For American audiences, it helps to understand that Korean news coverage often places U.S. alliance questions in a broader regional and industrial context. In South Korea, debates about missile defense, ammunition stocks, alliance coordination and domestic defense production are not abstract foreign policy topics. They sit close to everyday national security consciousness in a way many Americans may associate more with countries near active conflict zones or longstanding military threats.
So when a U.S. defense executive argues that allies should do more of the making, not just the buying, foreign media outlets naturally pay attention. The comment raises a practical question for countries that are U.S. partners: If Washington wants more shared production, how much trust is it actually prepared to extend?
The policy fight ahead is about design, not slogans
The strongest takeaway from this episode is not that America’s export-control regime is suddenly about to be dismantled. It is that the old balance between security restrictions and industrial cooperation is being challenged more openly. The pressure is coming from several directions at once: battlefield lessons, supply-chain stress, rising demand for lower-cost systems and the growing role of tech-driven defense firms that move faster than traditional procurement culture often expects.
If the debate advances, the hard part will not be agreeing on broad goals. Few policymakers would oppose making the United States and its allies more capable of producing what they need. Few would argue for abandoning safeguards on sensitive military technologies. The real conflict lies in the details: which allies qualify for easier rules, which categories of systems can be shared more flexibly, what oversight mechanisms are acceptable and how much bureaucratic risk the U.S. government is willing to tolerate in exchange for speed and scale.
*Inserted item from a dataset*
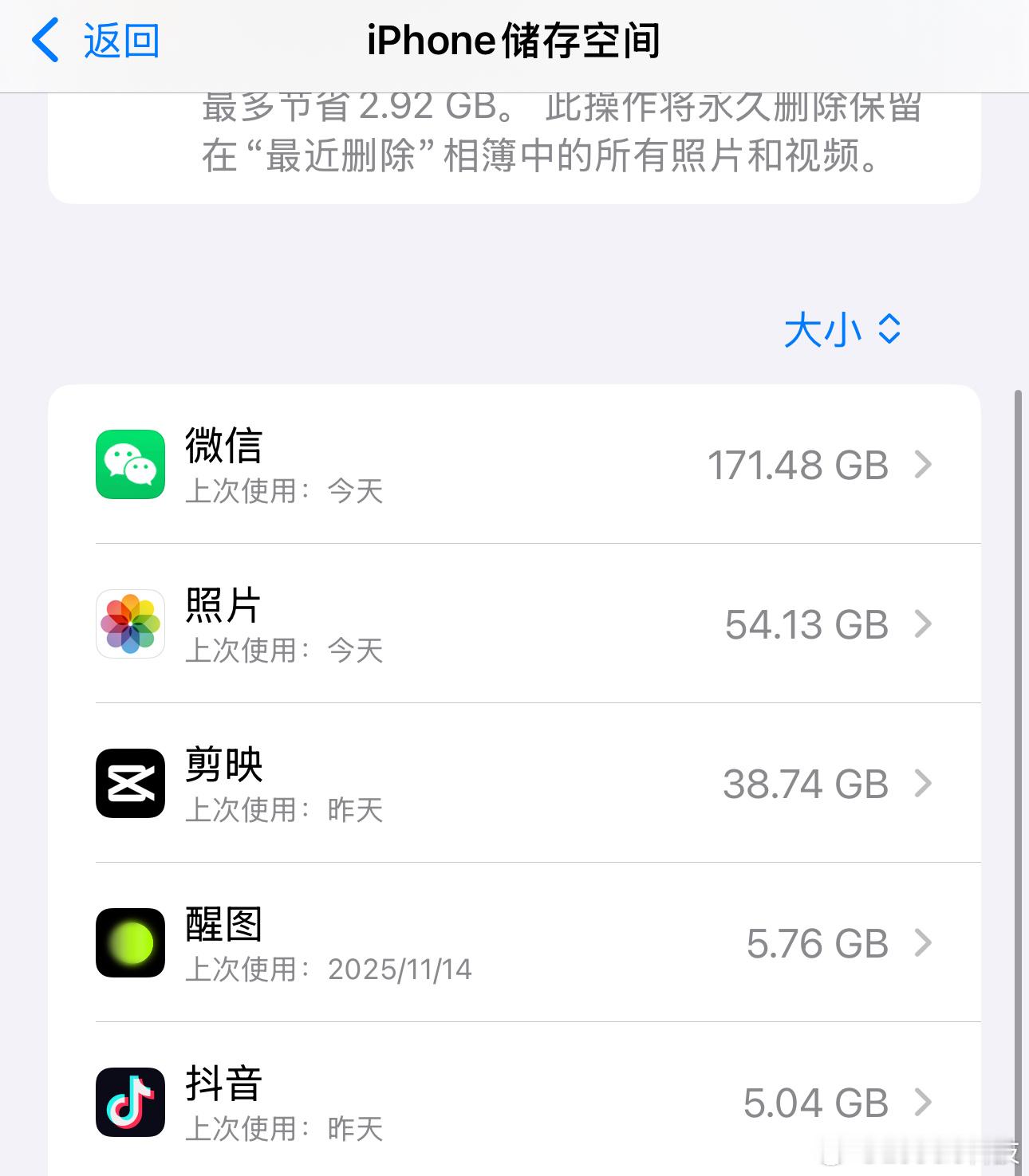 设置 → 通用 → iPhone存储空间 → 选择应用 → 删除应用(彻底清除数据)!这种清理正确!不过,我现在的手机空间占据最多的还是微信

There is also a domestic political angle. Calls to loosen or redesign export controls can trigger suspicion in Washington because they are easily framed as putting corporate convenience ahead of national security. Companies like Anduril may argue that the current system is outdated for an era of allied industrial integration. Critics may hear something else: an effort by private industry to reduce constraints on lucrative international business. Both interpretations can coexist, which is part of what makes the debate politically charged.
For now, the most accurate way to read Schimpf’s remarks is as an opening in a continuing policy argument, not as proof of a settled new direction. His call for an ITAR “reset” distills a larger strategic dilemma into a single phrase. If the United States wants democracies to build more military capacity together, it may have to share more authority and accept more complexity. If it refuses, it may preserve tighter control but at the cost of speed, scale and flexibility.
That trade-off is no longer a niche concern for export lawyers and defense contractors. It is becoming a central test of how the United States and its allies prepare for a world in which industrial capacity, not just technological superiority, may determine the balance of power. In that sense, the significance of this story is not the headline-grabbing word “reset.” It is the unresolved question underneath it: whether America can modernize the rules of military cooperation without weakening the protections those rules were built to provide.